Task statement:
Your answer must be the exact lines of the listing below that run from the line with "Changement de décor." to the line with "무료 운행을 시작했습니...", ends included, and no pictures.

Given data:
= Beginning of Section =
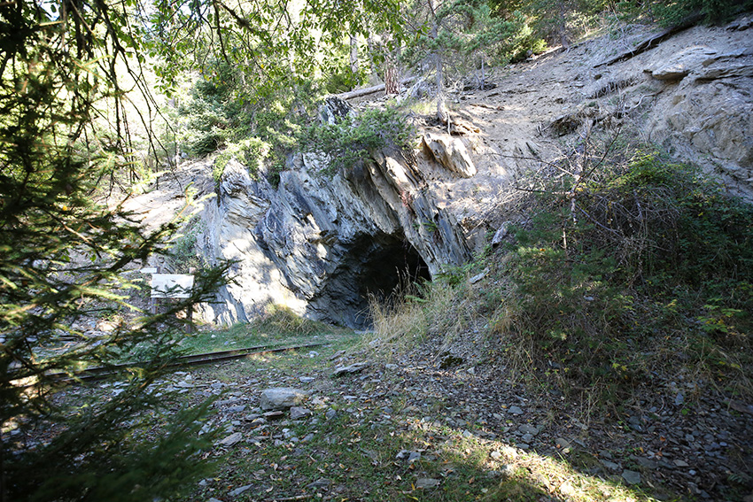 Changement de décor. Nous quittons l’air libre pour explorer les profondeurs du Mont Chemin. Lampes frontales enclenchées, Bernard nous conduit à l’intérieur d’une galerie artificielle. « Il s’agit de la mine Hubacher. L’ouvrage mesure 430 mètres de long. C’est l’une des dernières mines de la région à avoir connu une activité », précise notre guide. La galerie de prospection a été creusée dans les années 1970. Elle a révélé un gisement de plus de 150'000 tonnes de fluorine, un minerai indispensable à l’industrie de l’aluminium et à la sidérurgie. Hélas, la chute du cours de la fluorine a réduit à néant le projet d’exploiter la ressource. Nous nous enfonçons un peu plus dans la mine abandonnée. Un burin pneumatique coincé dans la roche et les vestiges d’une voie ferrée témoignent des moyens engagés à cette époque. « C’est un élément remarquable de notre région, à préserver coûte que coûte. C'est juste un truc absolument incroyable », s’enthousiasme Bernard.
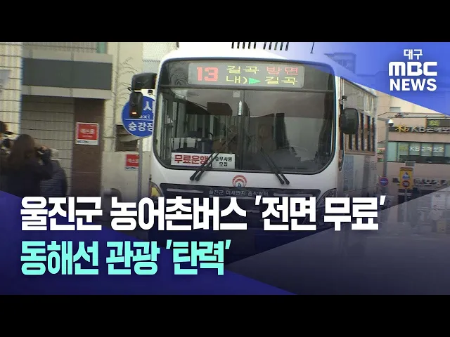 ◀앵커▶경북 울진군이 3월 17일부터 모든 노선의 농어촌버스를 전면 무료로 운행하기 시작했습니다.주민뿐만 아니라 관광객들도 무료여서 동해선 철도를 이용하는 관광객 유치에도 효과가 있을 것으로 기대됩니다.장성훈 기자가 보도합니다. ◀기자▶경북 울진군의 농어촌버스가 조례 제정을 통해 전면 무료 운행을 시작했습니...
= End of Section =
= Beginning of Section =
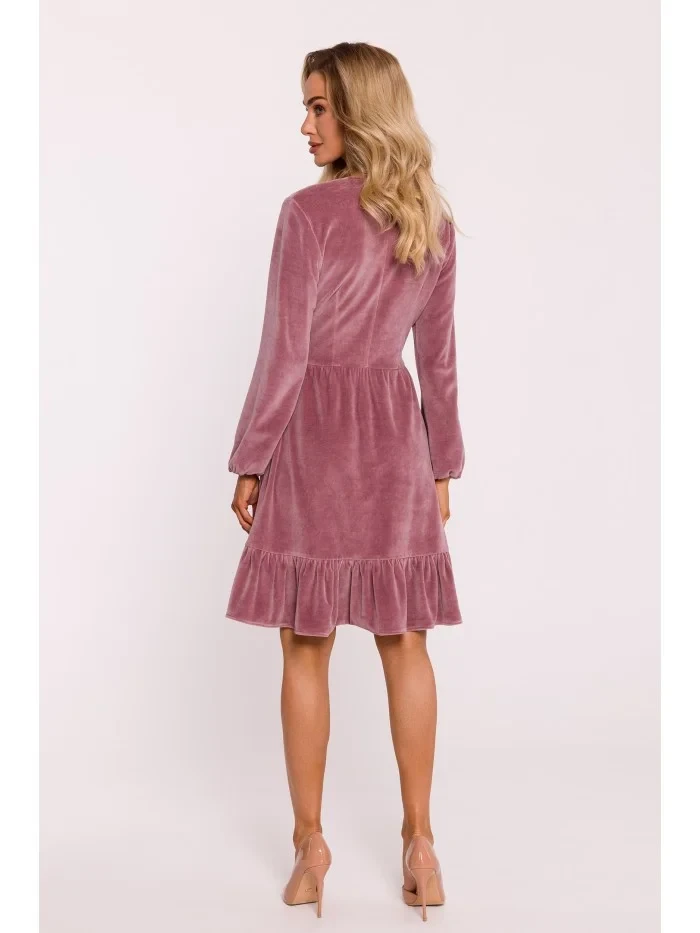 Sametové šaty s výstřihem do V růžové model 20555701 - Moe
= End of Section =
Answer area:
 Changement de décor. Nous quittons l’air libre pour explorer les profondeurs du Mont Chemin. Lampes frontales enclenchées, Bernard nous conduit à l’intérieur d’une galerie artificielle. « Il s’agit de la mine Hubacher. L’ouvrage mesure 430 mètres de long. C’est l’une des dernières mines de la région à avoir connu une activité », précise notre guide. La galerie de prospection a été creusée dans les années 1970. Elle a révélé un gisement de plus de 150'000 tonnes de fluorine, un minerai indispensable à l’industrie de l’aluminium et à la sidérurgie. Hélas, la chute du cours de la fluorine a réduit à néant le projet d’exploiter la ressource. Nous nous enfonçons un peu plus dans la mine abandonnée. Un burin pneumatique coincé dans la roche et les vestiges d’une voie ferrée témoignent des moyens engagés à cette époque. « C’est un élément remarquable de notre région, à préserver coûte que coûte. C'est juste un truc absolument incroyable », s’enthousiasme Bernard.
 ◀앵커▶경북 울진군이 3월 17일부터 모든 노선의 농어촌버스를 전면 무료로 운행하기 시작했습니다.주민뿐만 아니라 관광객들도 무료여서 동해선 철도를 이용하는 관광객 유치에도 효과가 있을 것으로 기대됩니다.장성훈 기자가 보도합니다. ◀기자▶경북 울진군의 농어촌버스가 조례 제정을 통해 전면 무료 운행을 시작했습니...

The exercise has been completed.